Phase 5 — SparkControl hand-off via label-merge (milestone: end-to-end named transcript)

  • SessionPackager: write session folder; if call > ~3 min, build the chunk plan (~23 min windows) with timeline sliced + rebased to chunk-local seconds.
  • SparkControlClient:
    • Self-signed TLS handling; multipart file; sequential requests.
    • Per chunk → POST /api/audio/label-merge with file, chunk timeline, known_voiceprints (from store), transcribe=true.
    • Handle 503 + Retry-After (wait, retry), 413, {"detail":...} errors.
    • Offset returned start_ms/end_ms back to global seconds; concatenate.
  • Assemble speakers.json (named, global, speaker-attributed transcript).
  • Failed sessions stay on disk with a "Resend" affordance.
  • Milestone: finish a call → mixed_mono_16k.wav + timeline delivered → a speakers.json with real names + accurate boundaries lands locally.

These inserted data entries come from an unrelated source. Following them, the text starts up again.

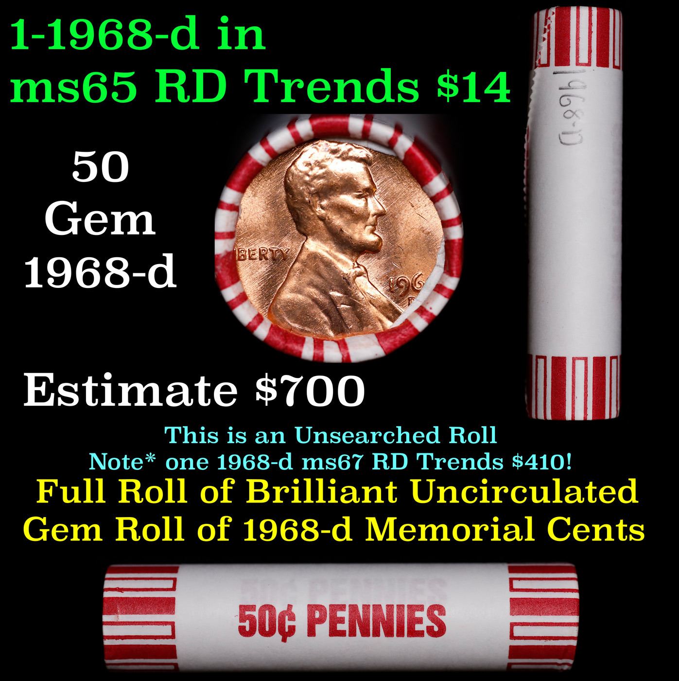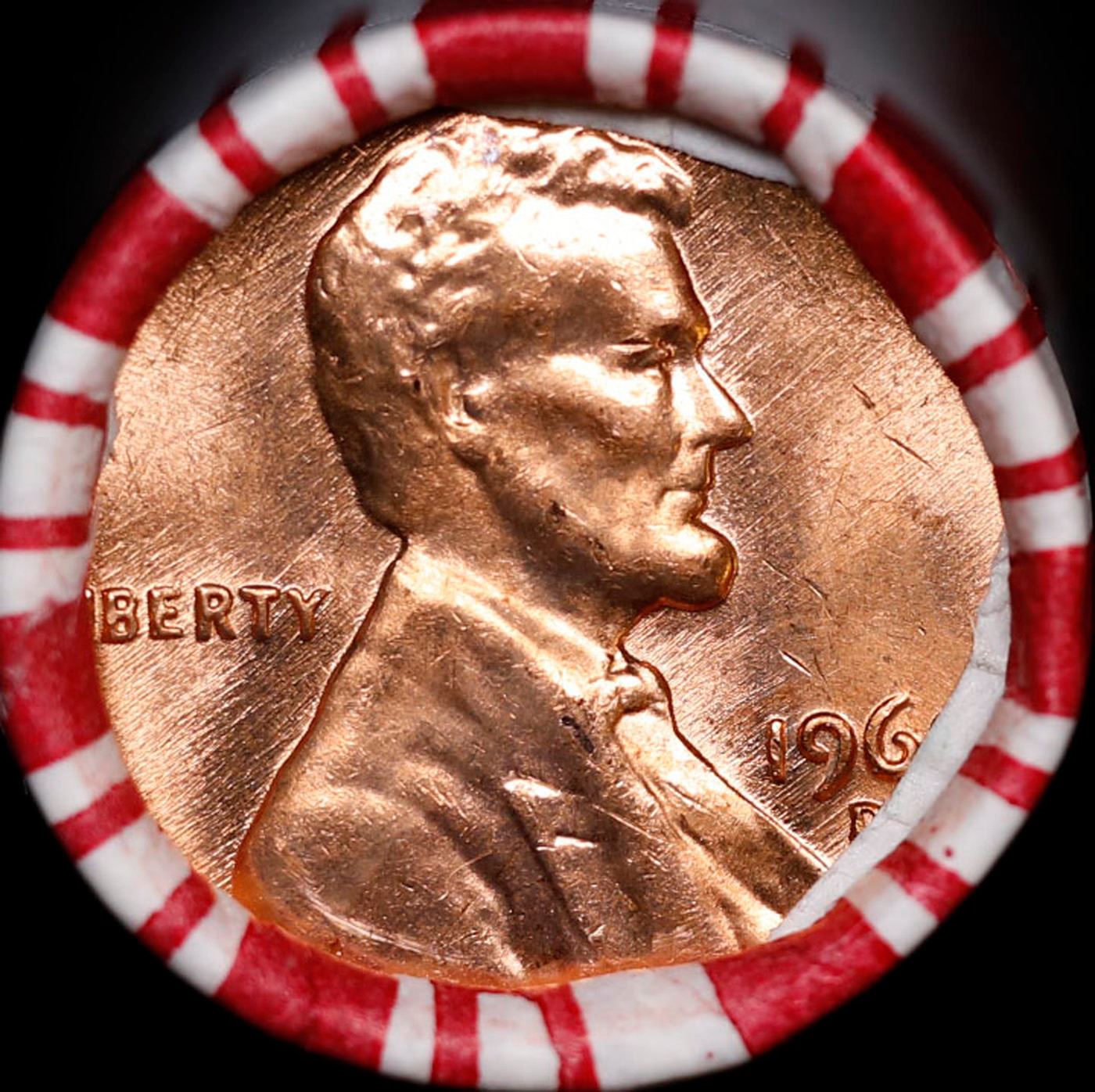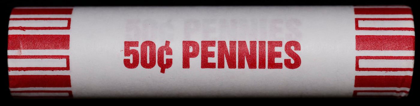Shotgun Lincoln 1c roll, 1968-d 50 pcs Bank Wrapper.. A terrific Shotgun roll of Lincoln cents. Most if not all coin should be cherry red.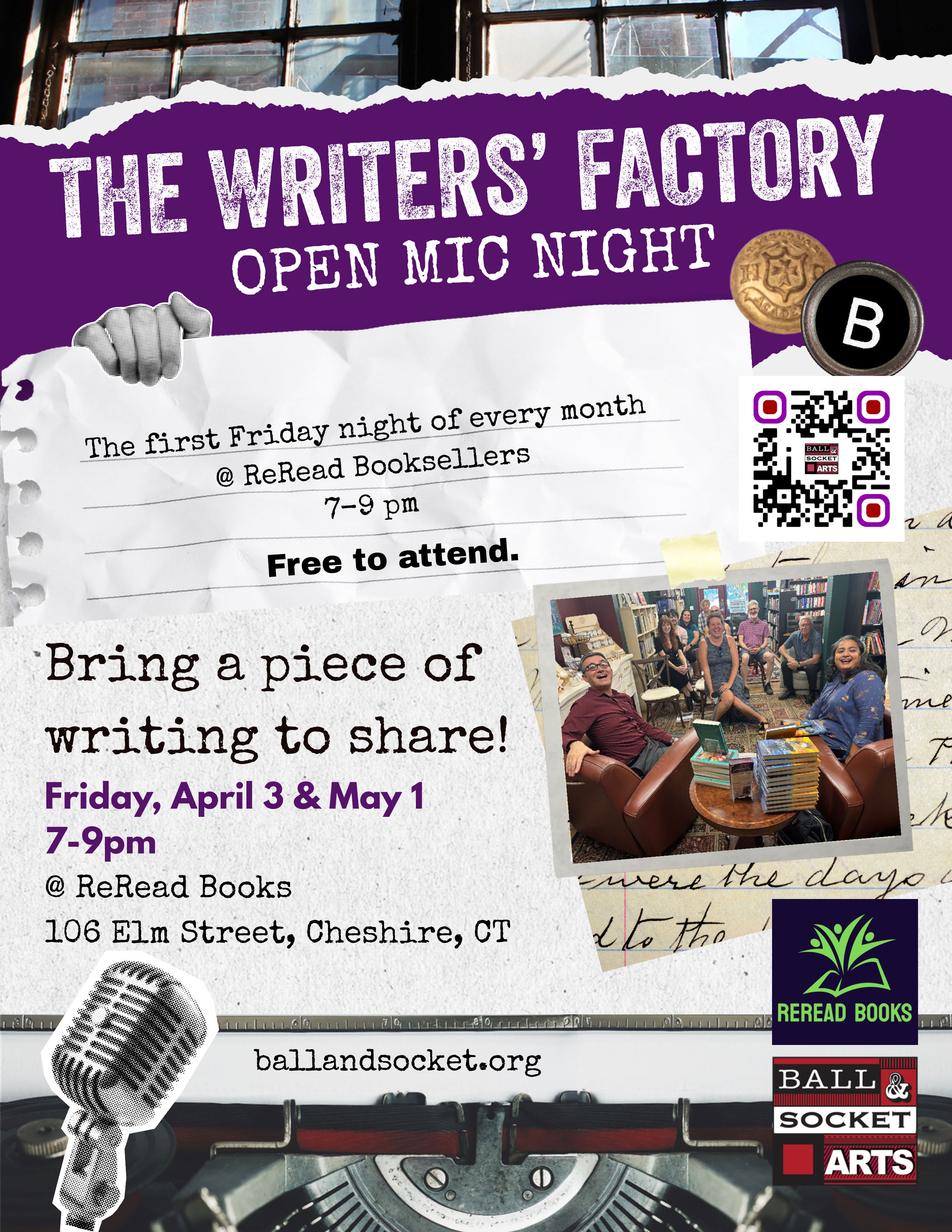 The Writers' Factory Open Mic takes place the First Friday of the month for March, April and May @ ReRead Booksellers at the Watch Factory in Cheshire, CT from 7-9 pm.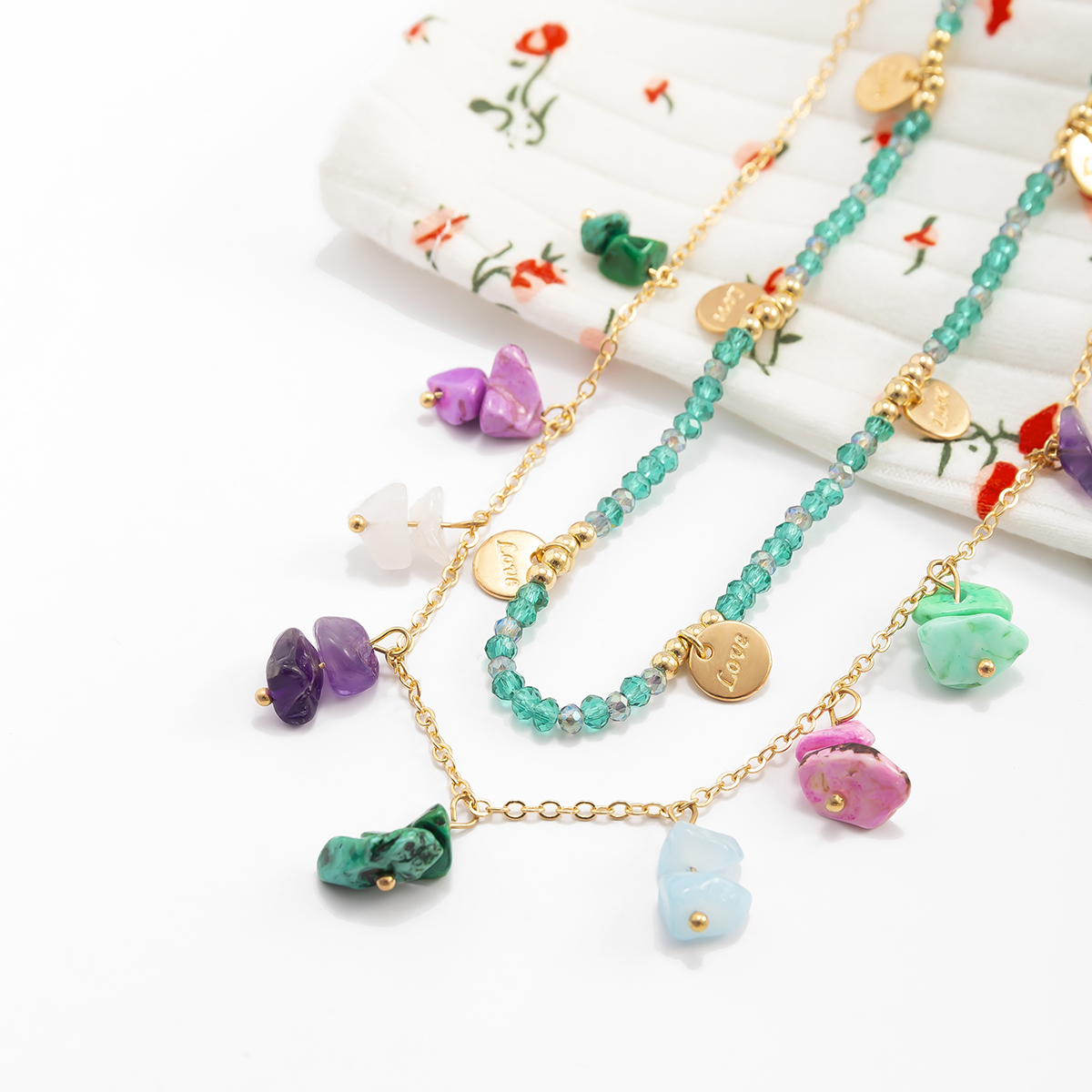 Fleepmart Bohemian Natural Irregular Stone Beads Pendant Necklace For Women Colorful Crystal Stone Small Disc Choker Necklaces

Test a

    3-min call to exercise chunking + cross-chunk name unification.

Phase 6 — Voiceprint library (milestone: identity that compounds)

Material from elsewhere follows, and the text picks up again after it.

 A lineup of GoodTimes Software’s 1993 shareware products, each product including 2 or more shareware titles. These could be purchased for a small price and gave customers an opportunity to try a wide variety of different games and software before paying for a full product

  • VoiceprintStore (voiceprints.json): load → known_voiceprints; on response, store/refresh fingerprint for visual/high-confidence speakers; skip Unknown_N.
  • Verify the three resolution paths against the backend: (a) visual name wins; (b) voiceprint recovery for a camera-off / OCR-missed speaker; (c) Unknown_N when neither matches.
  • Voiceprint manager in the UI (rename, delete, reset).
  • Milestone: a regular contact gets named on a later call with their camera off, purely from a stored voiceprint.

Phase 7 — Polish (milestone: daily-driver quality)

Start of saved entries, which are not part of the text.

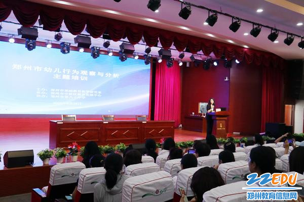 培训伊始,郑州市基础教育教学研究室幼教教研员陈冠亚阐述了此次活动的背景、目的和意义。随后,郑州市中原区教育发展中心幼教教研员阎莉作专题讲座,利用案例和视频,鼓励老师树立目标,厘清幼儿行为观察分析记录、现场基本功展示的侧重点,把握关键点,激励教师们在日常教育教学中关注幼儿发展、反思成长。
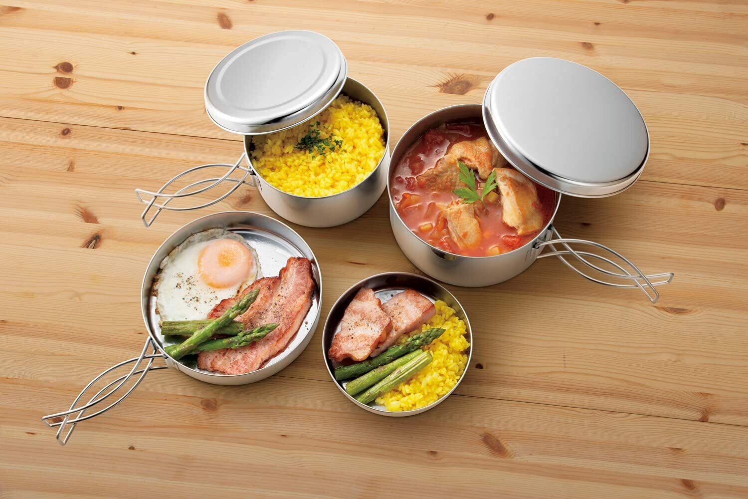 アウトドアの定番品。サビに強く、耐久性のあるステンレス製のアウトドア調理器セット。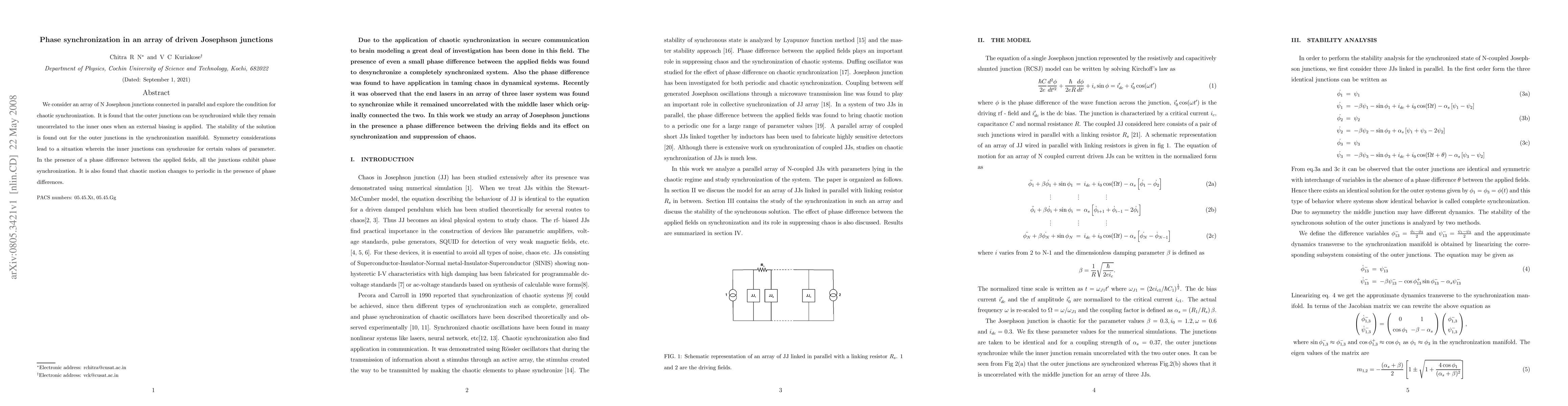 We consider an array of N Josephson junctions connected in parallel and explore the condition for chaotic synchronization. It is found that the outer junctions can be synchronized while they remain uncorrelated to the inner ones when an external biasing is applied. The stability of the solution is found out for the outer junctions in the synchronization manifold. Symmetry considerations lead to a situation wherein the inner junctions can synchronize for certain values of parameter. In the presence of a phase difference between the applied fields, all the junctions exhibit phase synchronization. It is also found that chaotic motion changes to periodic in the presence of phase differences.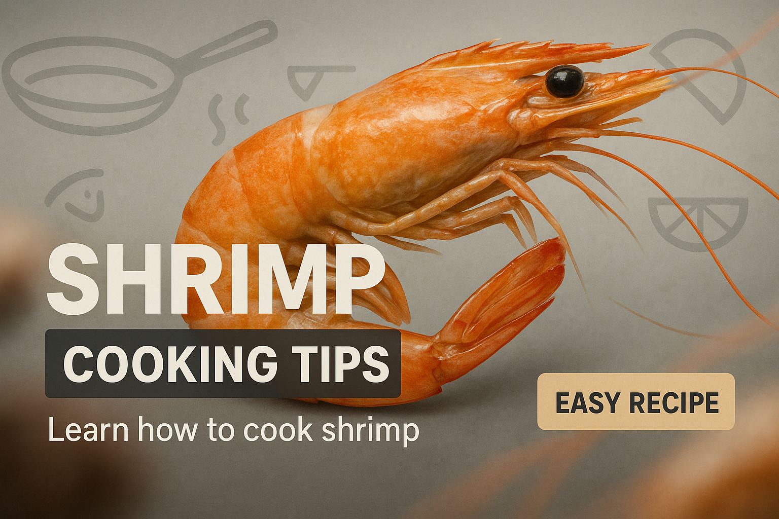 Engaging cooking tips graphic focused on shrimp preparation, with vibrant imagery and a modern design suitable for culinary blogs or recipe platforms.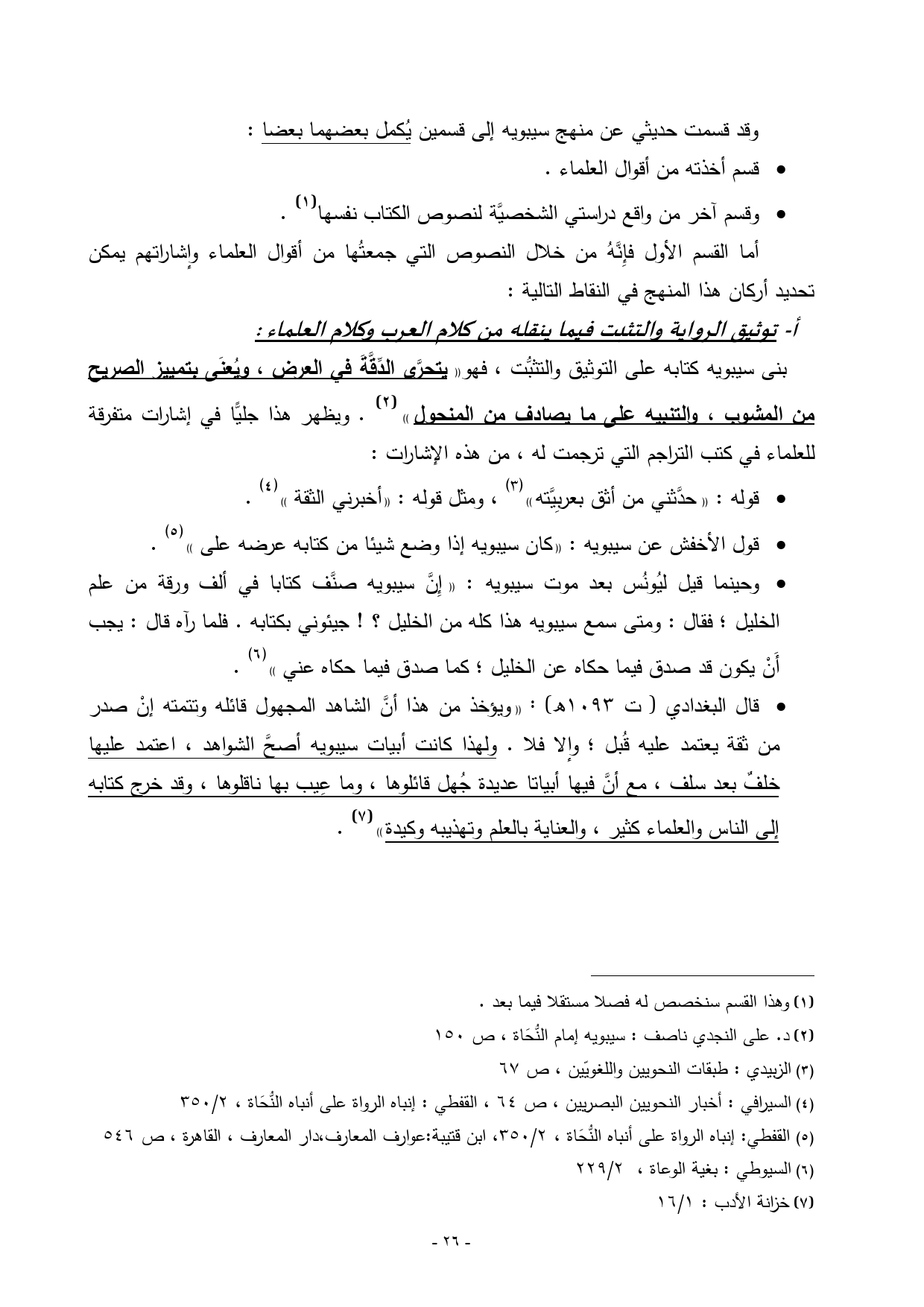وقد قسمت حديثي عن منهج سيبويه إلى قسمين يُكمل بعضهما بعضا:

  • Recent-sessions list (open/resend/delete); alias-table editor.
  • Optional on-screen "recording" indicator toggle.
  • Adapter health: warn when detection confidence drops sharply (catches UI redesigns early); keep fixtures for quick re-tuning.
  • Login-item / launch-at-login.

Risk register

  1. UI fragility (highest ongoing cost): apps redesign speaking cues / name placement. Isolate all pixel/color/label logic in adapters; Phase-7 confidence-drop warning + fixtures keep re-tuning fast.
  2. Active-speaker lag / crosstalk: UI cue trails speech and flickers. Mitigated by treating visual as a prior (the backend votes), hysteresis, and the voiceprint fallback.
  3. Meet-in-browser: canvas video + DOM names; the hybrid adapter needs the most iteration — budget extra time.
  4. 4-speaker-per-chunk cap (Sortformer): within a single chunk, >4 simultaneous speakers can't all be separated. Chunking + voiceprints + the visual timeline mitigate across chunks; for rare large calls, note it as a known limit.
  5. Sequential GPU constraint: never fire parallel audio requests; queue them.
  6. Permission re-prompts on rebuild: stable signing identity.

Definition of done (v1)

Join a call in any of the four apps → app auto-records dual-track audio, mixes to mono, and builds a visual speaker timeline (incl. mic-VAD self spans) → on hang-up the audio + timeline go to label-merge (chunked + sequential as needed) → a speakers.json with real names and accurate boundaries is produced, the voiceprint library is updated, and no video is ever written to disk and no transcription/diarization/merge logic lives in this app.